Posiblemente se desprendía alguna corriente térmica directamente
desde la superficie del mar. Bill Patchet, el copiloto, se revolvió
inquieto en su asiento. En la época en que estaban era normal que se
desprendieran algunas ascendencias que fácilmente podrían llegar a
sacudir el aparato.
El
ensordecedor ruido de los motores no turbaba a los seis tripulantes,
que estaban entrenados para abstraerse de él y concentrarse en otear
el horizonte.
Ogilvie
se dejó llevar por su intuición, y supuso que si el comandante
Maybury tenía razón y aquel sumergible tenía su base en Toulon,
él debía bordear la costa española en su busca. A estribor de la
aeronave se divisaron las islas de Ibiza y,
más a su derecha, Mallorca.
—¡Allí,
allí, contacto visual a las once! —gritó el artillero—. Es un
sumergible en superficie, y se desplaza a gran velocidad.
El
Hudson se encaró en picado hacia el objetivo, mientras los motores
aceleraban, produciendo rabiosos zumbidos. El bombardero lanzó dos
cohetes sobre el sumergible, que quedaron cortos. Tras la primera
pasada, volvió a encararse al objetivo, mientras recibía fuego
antiaéreo desde el U-Boot.
—¡No
se pueden hundir! —gritó Patchet—. ¡Deben tener alguna vía de
agua en el casco!.
El
fuego antiaéreo desvió al avión de su objetivo, mientras Ogilvie
preparaba una segunda pasada. Esta vez el segundo cohete cayó a
varios metros del submarino, pero con el primer cohete se había
confirmado un impacto en la parte de popa, a estribor. En la cubierta
del U-Boot, la dotación de los cañones antiaéreos seguía
disparando.
Tras
unos momentos de lucha encarnizada el sumergible comenzó a mostrar
una columna de humo.
Eran
las 13:53 cuando el torpedo golpeó directamente al U-755. El
impacto en la parte de babor abolló varias porciones de las planchas
de acero del casco, entre el mamparo de los depósitos diésel.
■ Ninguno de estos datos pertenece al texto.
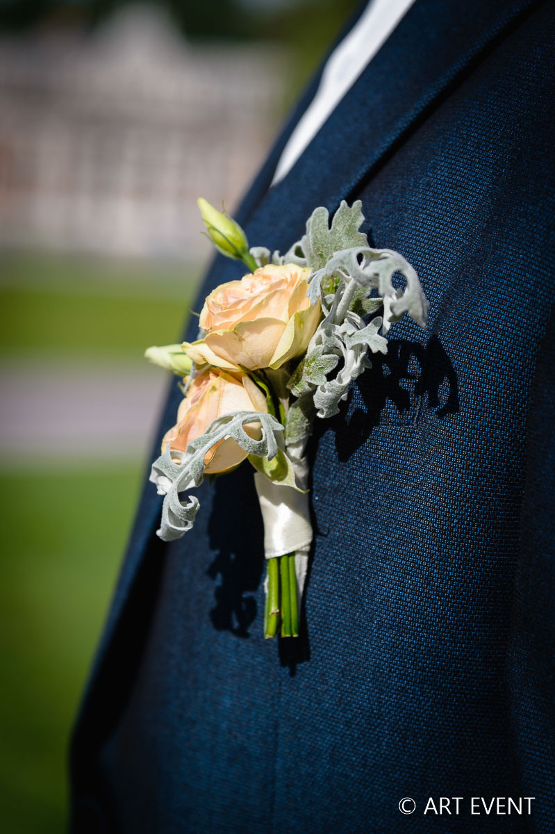 - бутоньерка для свадьбы — минималистичная, небольшая, можно даже использовать веточку без цветов;

Aquello provocó que comenzaran a inundarse varios compartimentos
estancos con vertiginosa rapidez.
El
marinero Gerard Pröhl yacía muerto en el suelo. El torpedo había
causado una avería en los engranajes de acoplamiento y los
colectores de los diésel, haciendo que el U-Boot fuera
ingobernable.
Los mecánicos, con el agua hasta la cintura y en una frenética
carrera contra el tiempo, fueron incapaces de arreglar el daño.
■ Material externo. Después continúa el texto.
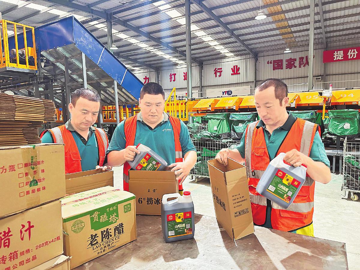 在寄递物流共配中心内,邮政员工正在打包陈醋邮件。

Entonces comenzó el incendio. El fueloil comenzó a arder mientras
el marinero Georg Dimper y el cabo 1º Günter Semmler intentaban
hacerle frente con los extintores. Las bombas de drenaje no podían
contener la entrada de agua. A partir de aquel momento la suerte
estaba echada.
Göing
ordenó detener los diésel y arrancar los motores eléctricos. El
telégrafo de la sala de mando envió la orden pero el mensaje no
llegó a máquinas. En aquel momento, Göing dio la orden, y toda la
tripulación comenzó a abandonar la nave.
Hubert
vio como un espeso humo negro con ocasionales llamaradas anaranjadas
salía de la sala de máquinas. Sasse no necesitó que nadie le diera
la orden. Accionó el emisor FuMO 61 y comenzó a enviar
repetidamente el mensaje de SOS a través del pulsador morse. Una
gran ola se adueñó de la parte trasera del buque avanzando hacia la
parte central con una velocidad endiablada, arrastrando todo tipo de
objetos con ella, mantas, cajas de alimentos, o cualquier otra cosa
que encontraba en su camino.
En
el armario sobre la litera de Hubert, con cada golpe de mar, la
pequeña peonza giraba sobre sí misma, golpeando contra la pared.
Entonces, otro golpe de mar sacudía al U-755 en dirección
contraria y la peonza volvía a rodar en sentido opuesto, en un
movimiento interminable.
La
tripulación corría hacia la escalerilla de la sala de mando. Hubert
y su compañero cortaron la electricidad en la sala de radio antes de
abandonar sus puestos, cuando el agua ya
inundaba el pasillo central. Uno tras otro, los hombres trepaban con
rapidez hasta la torre, y sin pensarlo, saltaban al mar.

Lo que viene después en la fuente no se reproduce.